> [The task] Print the whole listing again exactly as it stands, leaving out any images.

> [Information supplied]
= Beginning of Section =
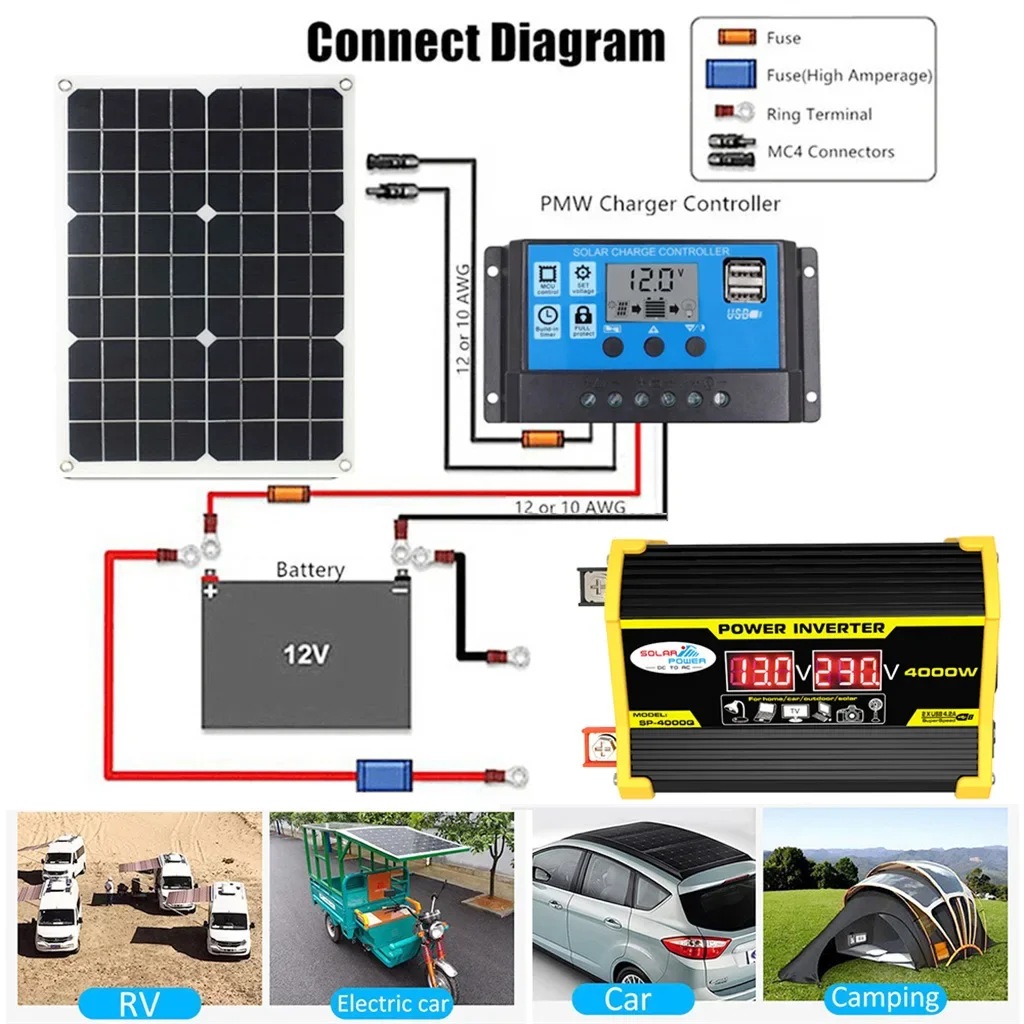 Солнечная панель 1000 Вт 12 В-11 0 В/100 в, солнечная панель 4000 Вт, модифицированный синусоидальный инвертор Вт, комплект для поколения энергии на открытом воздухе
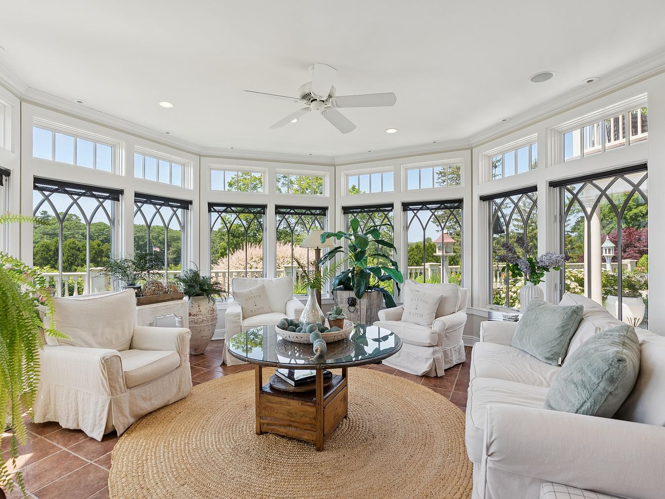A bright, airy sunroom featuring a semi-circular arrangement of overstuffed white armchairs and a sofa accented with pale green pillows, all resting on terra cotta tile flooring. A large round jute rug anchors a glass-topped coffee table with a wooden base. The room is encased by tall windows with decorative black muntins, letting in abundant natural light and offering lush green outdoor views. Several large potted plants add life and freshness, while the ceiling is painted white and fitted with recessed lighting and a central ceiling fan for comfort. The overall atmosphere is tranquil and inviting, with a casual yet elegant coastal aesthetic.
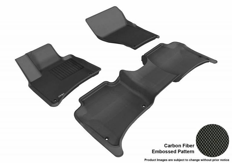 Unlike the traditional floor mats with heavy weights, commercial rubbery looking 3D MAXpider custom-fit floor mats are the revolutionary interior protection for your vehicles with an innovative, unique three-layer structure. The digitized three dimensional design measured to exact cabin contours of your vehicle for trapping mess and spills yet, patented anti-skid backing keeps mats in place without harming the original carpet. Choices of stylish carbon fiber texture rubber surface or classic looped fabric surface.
= End of Section =
> [Solution for this exercise]
 Солнечная панель 1000 Вт 12 В-11 0 В/100 в, солнечная панель 4000 Вт, модифицированный синусоидальный инвертор Вт, комплект для поколения энергии на открытом воздухе
A bright, airy sunroom featuring a semi-circular arrangement of overstuffed white armchairs and a sofa accented with pale green pillows, all resting on terra cotta tile flooring. A large round jute rug anchors a glass-topped coffee table with a wooden base. The room is encased by tall windows with decorative black muntins, letting in abundant natural light and offering lush green outdoor views. Several large potted plants add life and freshness, while the ceiling is painted white and fitted with recessed lighting and a central ceiling fan for comfort. The overall atmosphere is tranquil and inviting, with a casual yet elegant coastal aesthetic.
 Unlike the traditional floor mats with heavy weights, commercial rubbery looking 3D MAXpider custom-fit floor mats are the revolutionary interior protection for your vehicles with an innovative, unique three-layer structure. The digitized three dimensional design measured to exact cabin contours of your vehicle for trapping mess and spills yet, patented anti-skid backing keeps mats in place without harming the original carpet. Choices of stylish carbon fiber texture rubber surface or classic looped fabric surface.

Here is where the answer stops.